- **Data extract**:
══════════
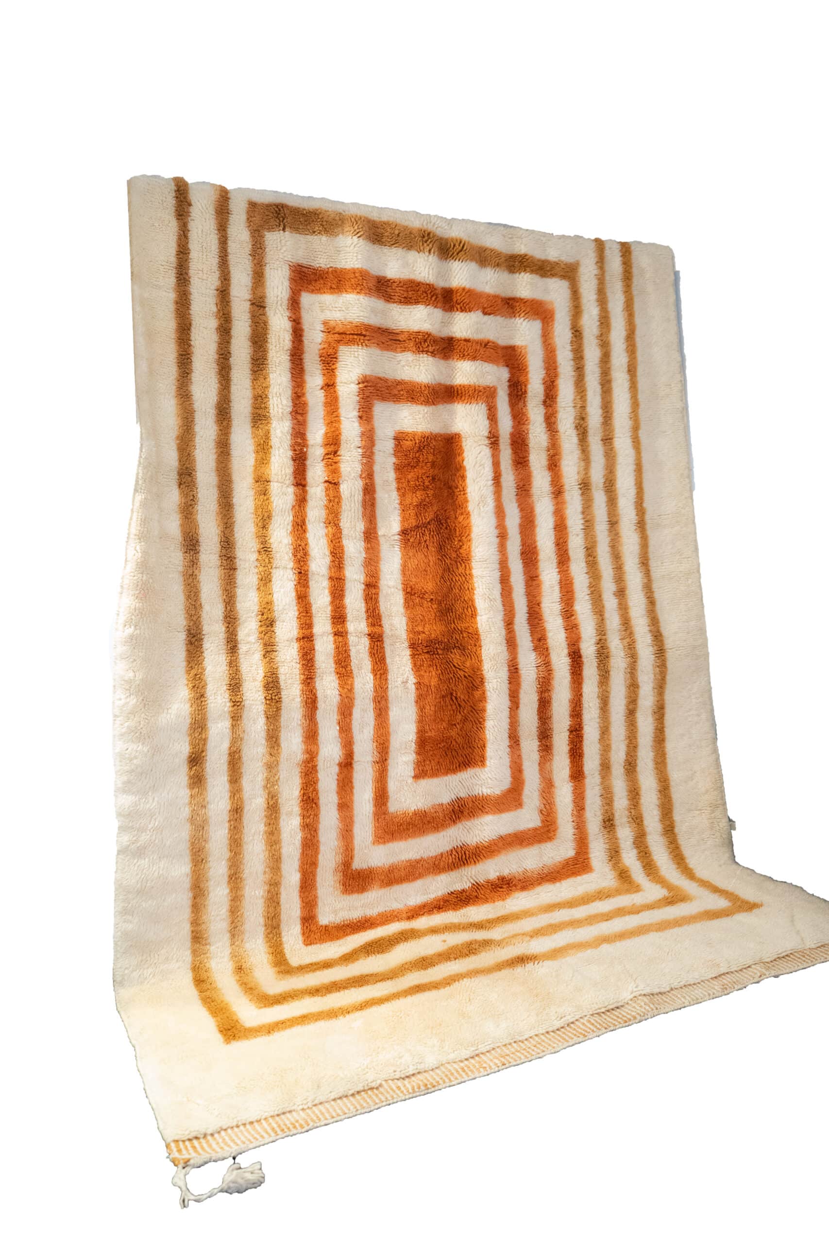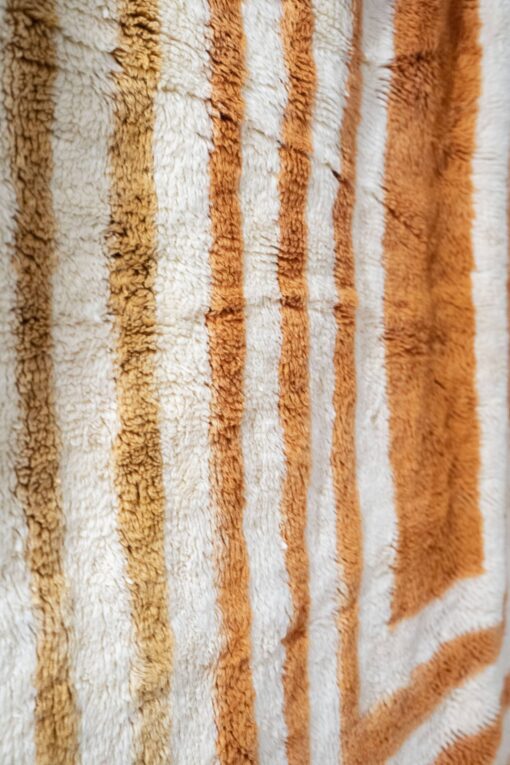 🟠 Apportez chaleur et style à votre intérieur avec ce tapis Mririt marocain en laine, noué à la main dans le Moyen Atlas et orné de motifs géométriques orangés uniques.
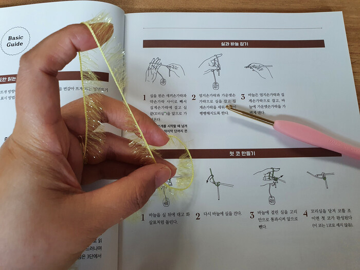 처음은 굵고 매끈한 실로하는 게 도움이 될 거 같아요
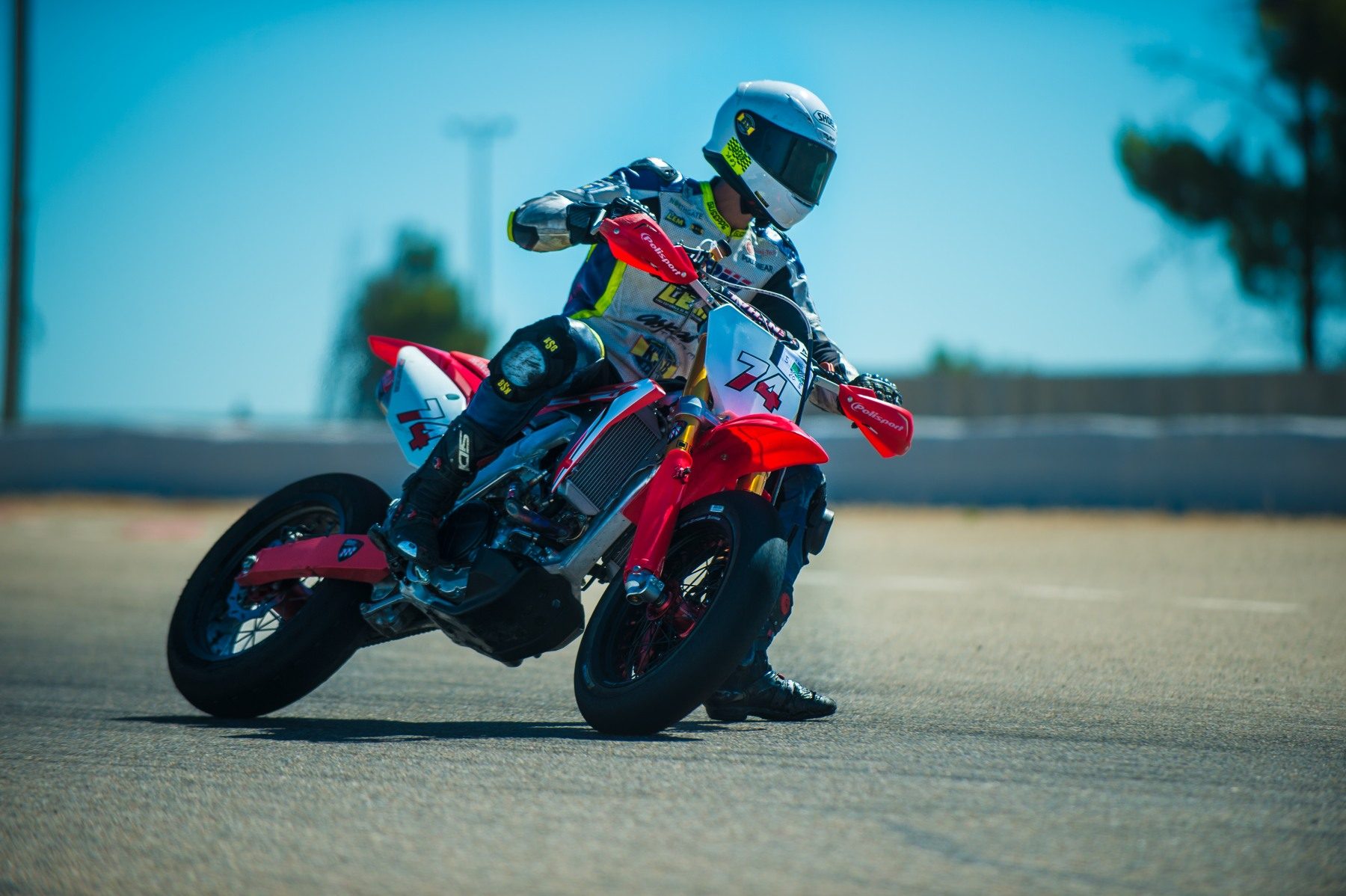 „To był kolejny emocjonujący weekend – mówi Piotr Biesiekirski, który w zawodach Supermoto startuje Hondą CRF 450R. – Po udanych kwalifikacjach ruszałem do obu wyścigów z szóstego pola i w pierwszym z nich szybko przebiłem się na trzecie miejsce. Kolejne dziesięć okrążeń było świetną lekcją defensywnej i ostrej jazdy. Później po małym błędzie musiałem nadrabiać straty. Walczyliśmy tak zaciekle, że nawet zderzyliśmy się z jednym z rywali, co zakończyło się dla niego wywrotką. Po wyścigu uścisnęliśmy sobie jednak ręce i wszystko było w porządku. Niestety, zamieszanie na finiszu i mały błąd kosztowały mnie spadek na siódmą pozycję, ale ważniejsza od wyniku była dzisiaj nauka. Cieszy mnie także to, że w porównaniu do poprzedniej rundy zredukowałem swoją stratę do zwycięzcy z 1,5 sekundy do zaledwie siedmiu dziesiątych na okrążeniu, a to duża poprawa, biorąc pod uwagę fakt, że dopiero debiutuję w zawodach Supermoto. Drugi wyścig przebiegał nieco spokojniej, ale zakończył się dla mnie jeszcze lepszym, piątym miejscem, dzięki czemu jestem także piąty w tabeli. Ostatnie trzy tygodnie przepracowaliśmy bardzo intensywnie i dzisiaj widzieliśmy tego efekty, co bardzo nas wszystkich cieszy. Kolejna runda Supermoto czeka mnie w połowie czerwca, a teraz przed nami dwa weekendy na wyścigowym Moriwaki.”
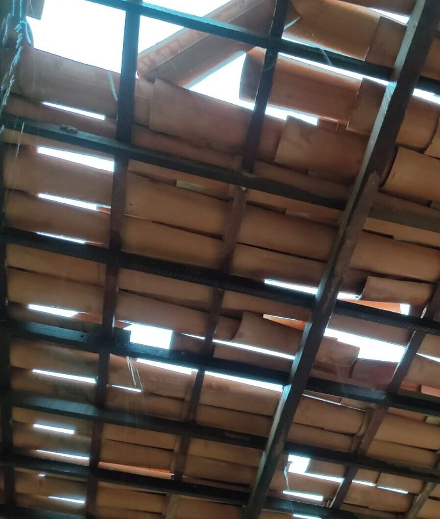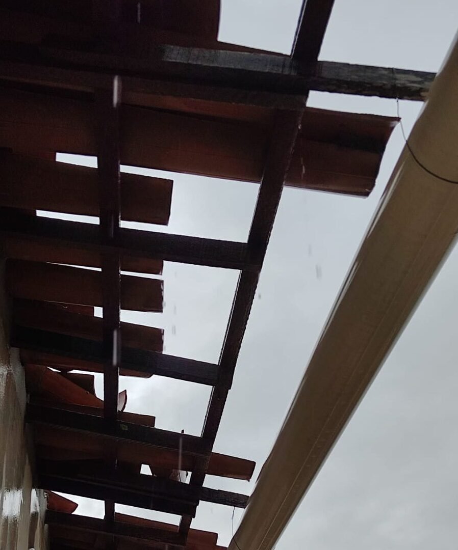 Em imagens enviadas ao RC por Ari, é possível ver que parte da cobertura do ginásio poliesportiva foi arrancada, além dos telhados de várias casas terem sido danificados.
══════════
- **Prompt**: Pictures aside, repeat exactly every line from the top of the listing above through the line bearing "처음은 굵고 매끈한 실로하는 게 도움이 될 거 같아요", inclusive.

- **Task response**:
 🟠 Apportez chaleur et style à votre intérieur avec ce tapis Mririt marocain en laine, noué à la main dans le Moyen Atlas et orné de motifs géométriques orangés uniques.
 처음은 굵고 매끈한 실로하는 게 도움이 될 거 같아요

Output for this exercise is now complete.